A journey to the cross is a journey to repentance. It’s a journey to deep personal change. Will you take this journey with me?
Date: Five forty-five in the morning, Friday, April 7 A.D.
In today’s reading, a messenger from Pontius Pilate arrives at the home of Marcus Longinus, the Roman centurion, with the news that Jesus has been arrested.
“Sir, I have just come from the governor. You are to report to the Praetorium immediately. Jesus of Nazareth has been arrested. The high priest has brought him before the governor for judgment.”
“Is that so?” I said in a state of consternation. “Who sent you?”
“The governor himself. He said you were familiar with the Galilean.”
I blew a short puff of air through my nostrils. All of Jerusalem was somewhat familiar with the Galilean.
“So he wants me there immediately?”
“Immediately, sir.” He shifted from one foot to the other and then, as if to justify this response, he added, “The high priest and a big delegation, maybe three hundred men, maybe more, arrived at the palace door at first light. They had the prisoner—Jesus—with them.”
“Tell the governor I’m on my way.”
With a quick nod of my head, I dismissed the messenger. Instantly he turned and began his run back to the governor’s residence. I took one step back inside the gate and began barking orders.
“You, you, and you!” I stabbed my index finger in the direction of the most dressed and prepared-looking soldiers. “Strap on your swords and follow me. Now!”
Then, addressing the other soldiers, I announced, “The rest of you, meet me at the Praetorium as soon as you are ready.”
“Claudius”—I nodded in his direction—“you are in charge. I’ll give everyone their assignment for the day when they get there.”
I stepped back through the gate and began covering the ground with long, quick strides. My three recruits had to run to catch up. With each stride a new thought came jogging into my head. Stupid Arius! Why didn’t he tell me the messenger was from Pilate? I would have moved a good deal faster.
Obviously my concerns about the prophet had moved up the chain of command. Flavio must have informed Pilate about my worries and the actions I had taken, hence this unusual move—a direct summons by the governor. I harbored the hope that he would consult directly with me on the matter. Three hundred men! Three hundred men at first light? The Weasel must have had a busy night. It takes a good deal of effort to set your troops in array. Caiaphas must have been hatching this plot for a good long while.

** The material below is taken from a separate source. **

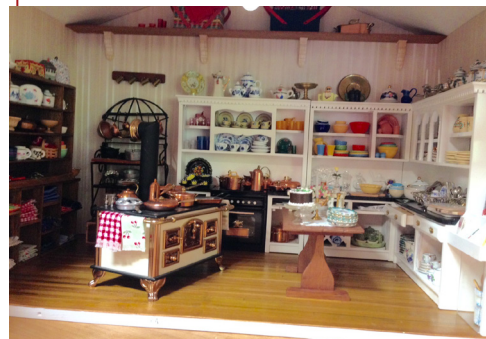
Ruth Heisch's kitchen shop interior

But the Weasel caught his prey! What a sweet bit of treachery that must have been. I wondered how he pulled that off. Now the high priest would move in for the kill. We would see if he could slaughter his own Passover lamb. The people! If the pilgrims, especially the Galilean pilgrims, knew their Messiah had been seized, there could be a mass revolt. That must be why the Weasel had done his dirty work in the dark of the night. And furthermore, he had played out this drama at the zenith of the festival, while minds and hearts were on faith, home, and family. Here was a cunning scheme worthy of the Fox, played out by the Weasel.
Undoubtedly most of the population would still be unaware of these developments, even as I had been caught off guard. Off guard but not surprised. I could smell this coming.

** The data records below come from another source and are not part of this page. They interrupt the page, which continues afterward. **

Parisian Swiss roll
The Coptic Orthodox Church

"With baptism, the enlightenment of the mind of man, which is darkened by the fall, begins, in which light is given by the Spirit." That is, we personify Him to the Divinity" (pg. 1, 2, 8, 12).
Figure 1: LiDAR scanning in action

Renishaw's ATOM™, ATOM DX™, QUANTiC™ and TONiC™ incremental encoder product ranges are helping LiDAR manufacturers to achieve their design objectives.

My conversation with Renaldo at the bathhouse came echoing back. It gave me an eerie feeling knowing I had spoken like some prophetic oracle. It made me wonder from where that insight had really come.

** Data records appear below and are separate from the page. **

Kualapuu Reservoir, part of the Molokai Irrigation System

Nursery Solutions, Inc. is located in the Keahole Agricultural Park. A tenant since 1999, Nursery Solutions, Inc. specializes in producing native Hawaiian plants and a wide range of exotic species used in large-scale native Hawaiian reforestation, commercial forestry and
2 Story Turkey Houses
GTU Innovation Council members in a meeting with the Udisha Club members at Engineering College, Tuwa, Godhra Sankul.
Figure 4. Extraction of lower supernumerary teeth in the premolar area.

“By Jupiter! I forgot the spikes.” I wheeled around while reaching out my hand to halt the soldier at my side. Addressing him directly, I said, “I forgot them—the spikes. They’re in a pouch hanging on a peg in my bedchamber. My wife, she’ll know where they are. Ask her to get the pouch for you. Then bring it to me at the Praetorium. Oh, and tell the other men to hurry. This is urgent.” I fixed my eyes on him to stress the importance of this last statement and then added, “Now run.”